Australian parliamentary proceedings are televised live, which may explain why Labor MPs maintained determinedly straight faces yesterday as their leader, Kevin Rudd, called for politicians “to be a little kinder and gentler with each other,” less than 24 hours after knifing his predecessor in the back.
For Australians, it was a case of déjà vu as they woke up to their “new/old prime minister”, as some are calling Mr Rudd, freshly reinstated by his party after being knifed himself three years ago. He, too, must have experienced déjà vu when he visited Yarralumla, the Canberra residence of the Australian Governor-General, Quentin Bryce, to be anointed anew yesterday morning.
A few hours later, with his successor and predecessor, Julia Gillard, seated on the backbenches, Mr Rudd gave his first speech to the House of Representatives, in which he paid tribute to her “great work as a standard bearer for women in our country”.
He then observed: “Political life is a very hard life, a very hard life indeed. Let us all remember … we all have families and we all have emotions, so let us try – just try – to be a little kinder and gentler with each other in the further deliberations of this parliament.” And, as stated, there was no visible sniggering.
It was as if Mr Rudd had never been away. He scornfully swatted aside a demand by the opposition leader, Tony Abbott, that he name the coming election date, and when Mr Abbott tried to needle him about the Labor leadership merry-go-round, pointed out that the Liberal Party had chewed through a good number of leaders itself in recent years.
There is, however, no doubting the challenges facing him, most pressingly in putting together a cabinet team.

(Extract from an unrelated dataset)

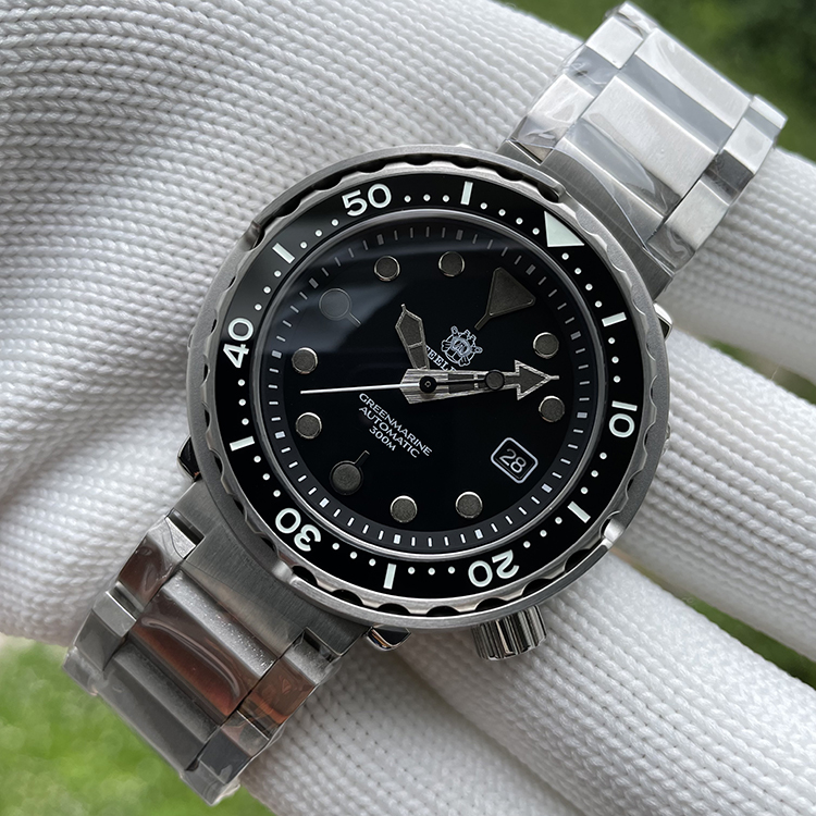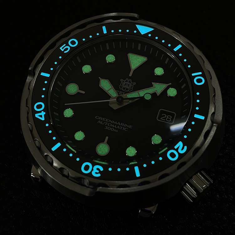 Steeldive Black Dial Green Luminous 30ATM 47.5MM NH35 Automatic Tuna Mens Dive Watch SD1975T

Stephen Smith, the Defence Minister, yesterday joined the exodus of senior ministers – seven in all, so far – from Julia Gillard’s government, leaving gaping holes that must be filled.
Yesterday was parliament’s last sitting day before the winter recess and the election, currently set for 14 September. Many pundits expect Mr Rudd to bring it forward, so as to benefit from an anticipated honeymoon period.